Reuters reports that many Chinese provinces are cutting their GDP targets for 2020 to align with national targets, which are also expected to soften this year:
About two-thirds of China’s provinces, regions and municipalities have cut their 2020 growth targets from last year, despite easing trade tensions with the United States…
Of China’s provincial-level regions, 22 including Beijing, Guangdong, Zhejiang, Henan, Hainan, and Fujian, set lower growth targets this year compared to last, a similar number to last year.
Beijing, Shanghai, and the southern export hub of Guangdong all dropped their targets from 6-6.5 percent growth to “around 6 percent” in 2020, in line with the expected change to the national target.
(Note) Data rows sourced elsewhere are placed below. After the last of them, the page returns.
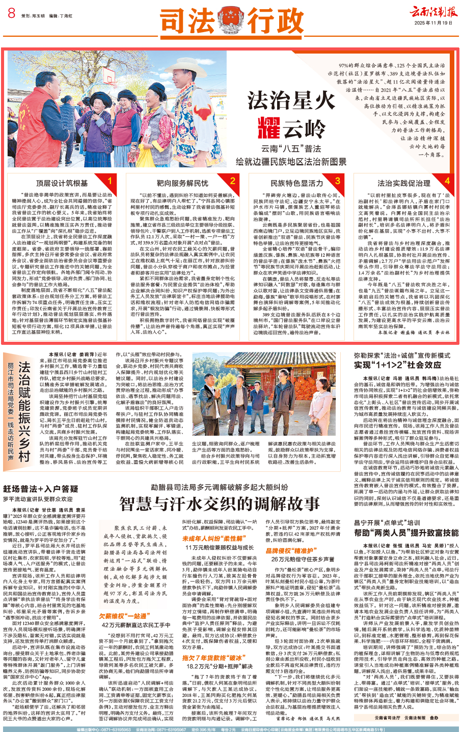 97%的群众综合满意率、125个全国民主法治示范村(社区)星罗棋布、389支边境普法队伍如散落的“法治星火”、超11亿次阅读量传递法治温情……自2021年“八五”普法启动以来,云南省立足边疆民族地区实际,以高位推动为引领、以精准施策为抓手、以文化浸润为支撑,构建全民参与、全域覆盖、全程发力的普法工作新格局,让法治精神深植云岭大地的每一个角落。
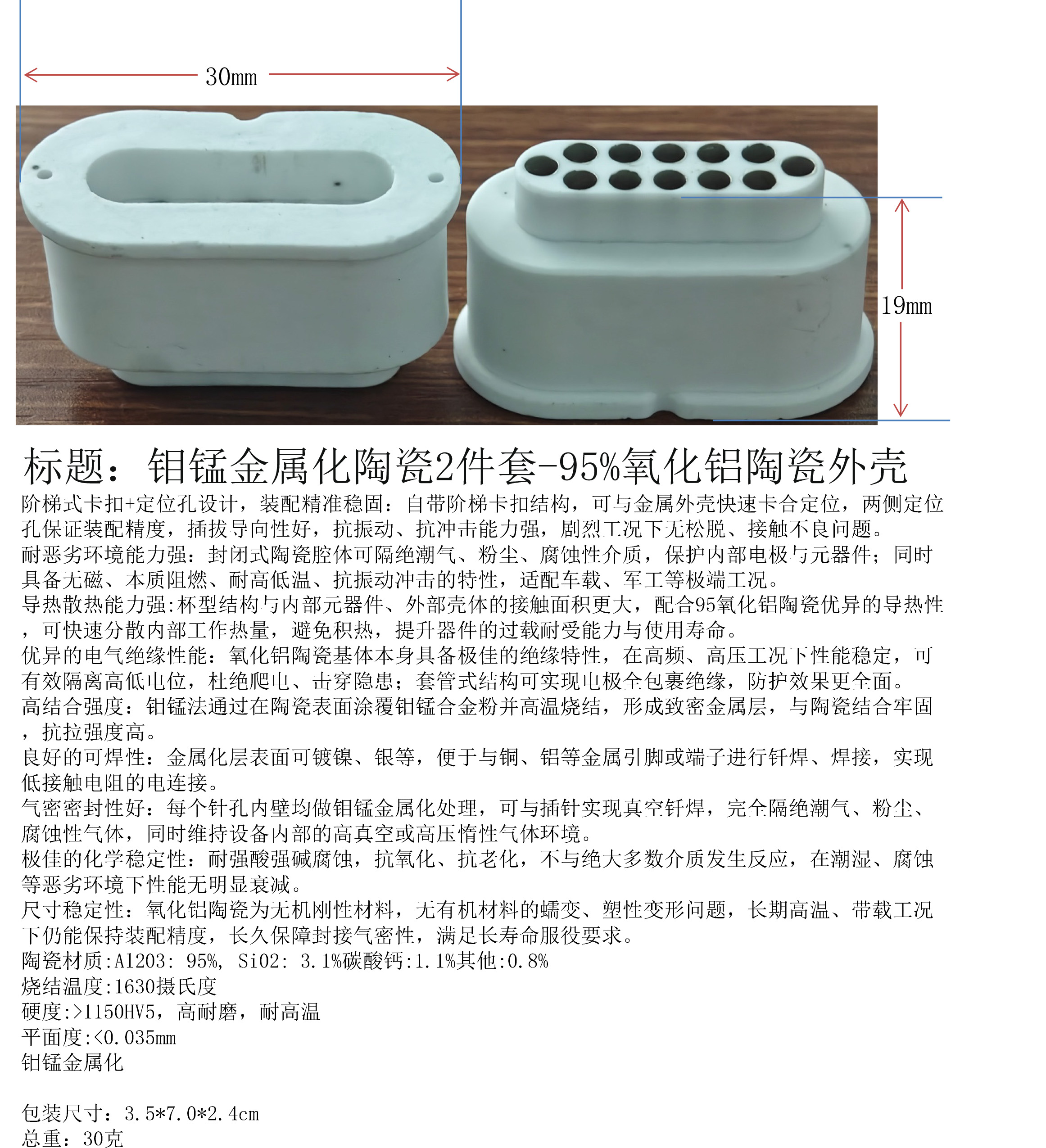 产品名称:钼锰金属化陶瓷2件套-95%氧化铝陶瓷外壳
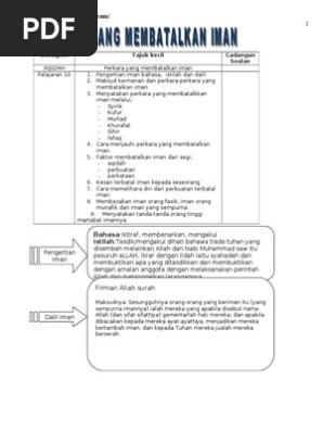 Perkara Yang Membatalkan Iman Tingkatan 4 Nota Ringkas
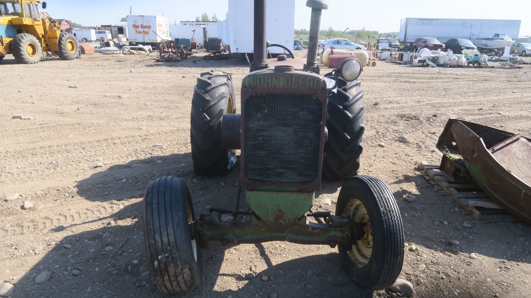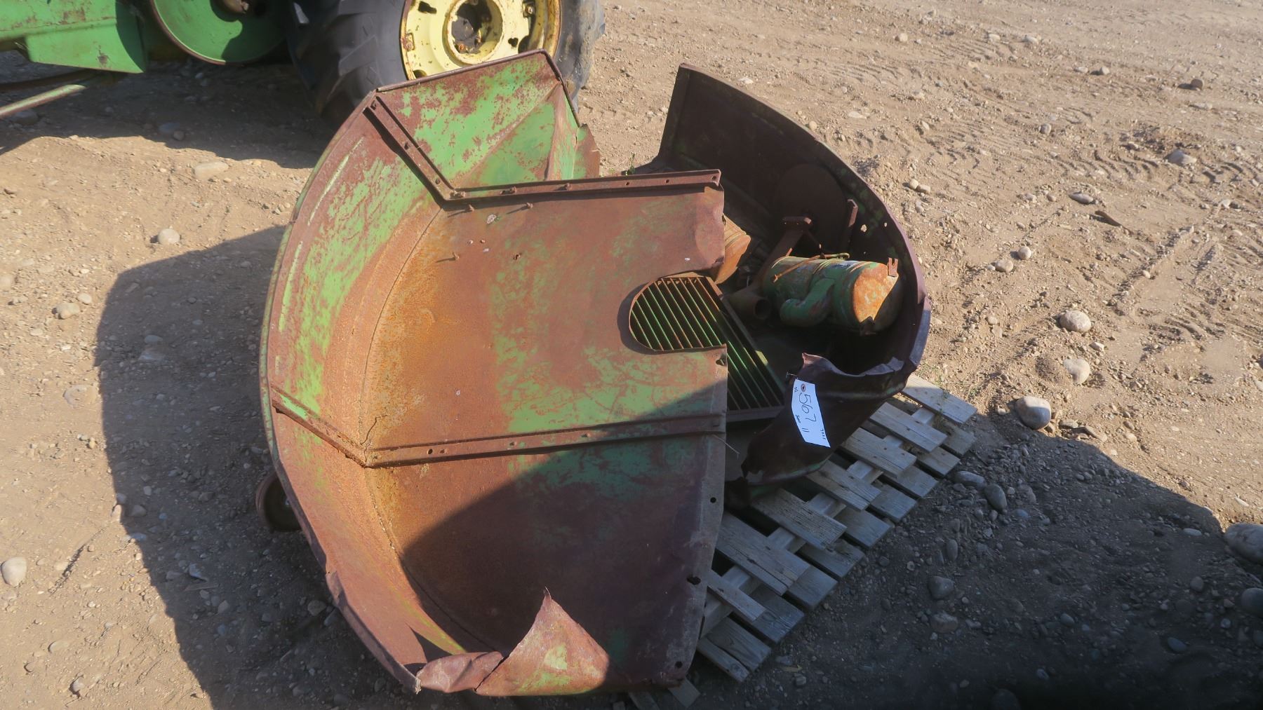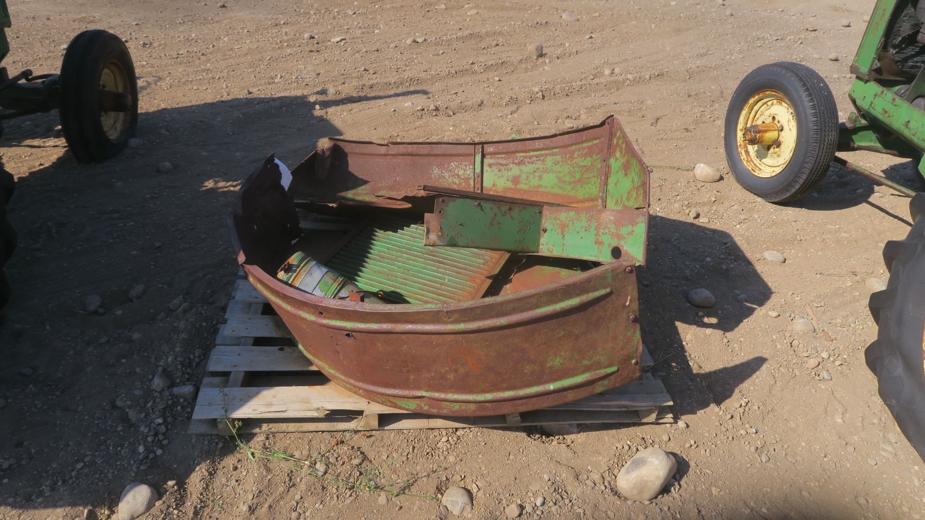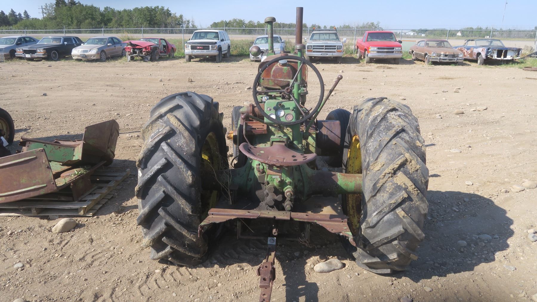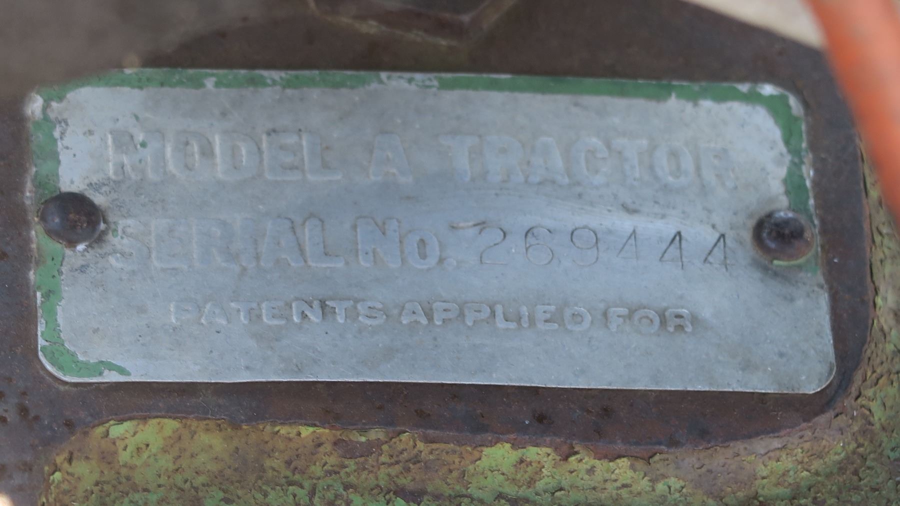 Model A John deer tractor #269444 with pallet of fenders and items for tractor.

The coronavirus may have a noticeable impact on the economy if it is not contained in the short term, according to analyses cited by Bloomberg:
UBS noted that “history does not repeat itself, but it rhymes,” while Nomura said that based on the outbreak 17 years ago, it expects “increased downward pressure on China’s growth, particularly in the services sector.”…
“If the pneumonia couldn’t be contained in the short term, we expect China’s retail sales, tourism, hotel & catering, travel activities likely to be hit, especially in Q1 and early Q2,” UBS said.
A long-term forecast by Capital Economics has predicted that China will continue to close the gap in shares of world GDP with the U.S., but won’t surpass it by 2050. Simon Rabinovitch, a correspondent for The Economist, writes that this is “far outside mainstream consensus, and definitely worth marking.” China’s worsening demographic crisis is one of the major factors cited.